The following information is displayed below the main graph:
- Users: Users who have initiated at least one session during the date range.
- New Users: The number of first-time users within the selected date range.
- Sessions: Total number of sessions within the date range.
- Number of Sessions per User: The average number of sessions per user.
- Pageviews: The total number of pages viewed. Repeated views of a single page are counted.
- Pages / Session: The average number of pages viewed during a session; it is also known as the Average Page Depth. Repeat views of a single page are counted.
- Avg. Session Duration: The average length of a session.
- Bounce Rate: The percentage of single-page sessions in which there was no interaction with the page.
Click the peak to display the date, time, and number of sessions.
The highest hourly peak denotes the peak sessions.
Open the Overview tab > Click Users.
Set another metric filter to “Pageviews“.
Use your mouse to hover over the highest peak.
The Peak Users and Peak Pageviews should now display.
Assess Results
Examine the New Relic data in the Overview tab.
This will give you an average response time for the duration of the test.

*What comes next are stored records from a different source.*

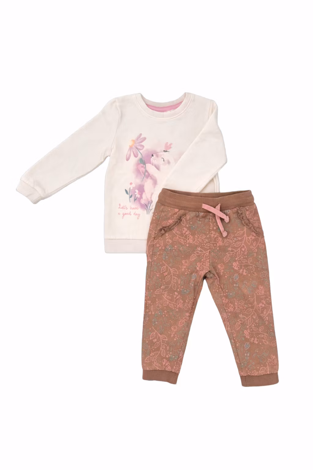 - Ett set med en vit tröja och ett par bruna byxor från So Cute.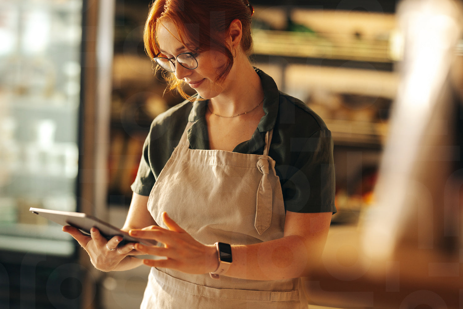 Cheerful supermarket owner using a digital tablet while standing in her grocery store. Successful entrepreneur running her small business using wireless technology.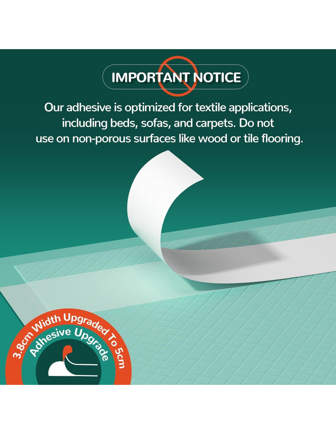 - Respaldo adhesivo: Usamos dos tiras adhesivas anchas en la parte posterior de la almohadilla para asegurar que no se mueva aleatoriamente. Si queda respaldo adhesivo en la superficie es normal, usa agua tibia o toallitas húmedas para quitarlo, por favor no te preocupes por dañar tus sábanas o sofá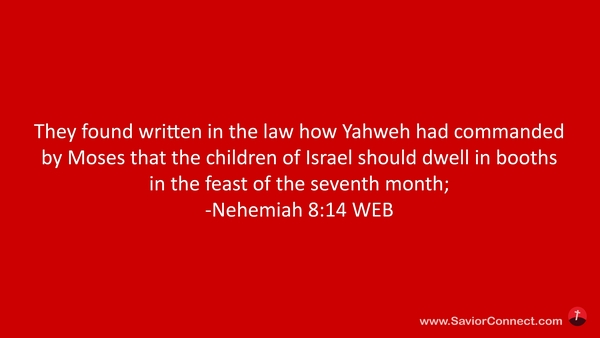 They found written in the law how Yahweh had commanded by Moses that the children of Israel should dwell in booths in the feast of the seventh month; -Nehemiah 8:14 WEB

Times above 750ms are good indicators of performance optimization opportunities.
Review the Transactions tab in New Relic and sort by Slowest average response time.
Click on the slowest transaction to pull up the transaction trace > Review to find the performance bottleneck.
Review the Error analytics tab in New Relic.
PHP errors often indicate huge performance bottlenecks.
Correct any errors.
Calculating Load Capacity After Launch
After launch, you can establish a baseline that X
response time will let you handle Y
traffic. If X
degrades in Dev/Test, that will impact how much traffic Live can handle.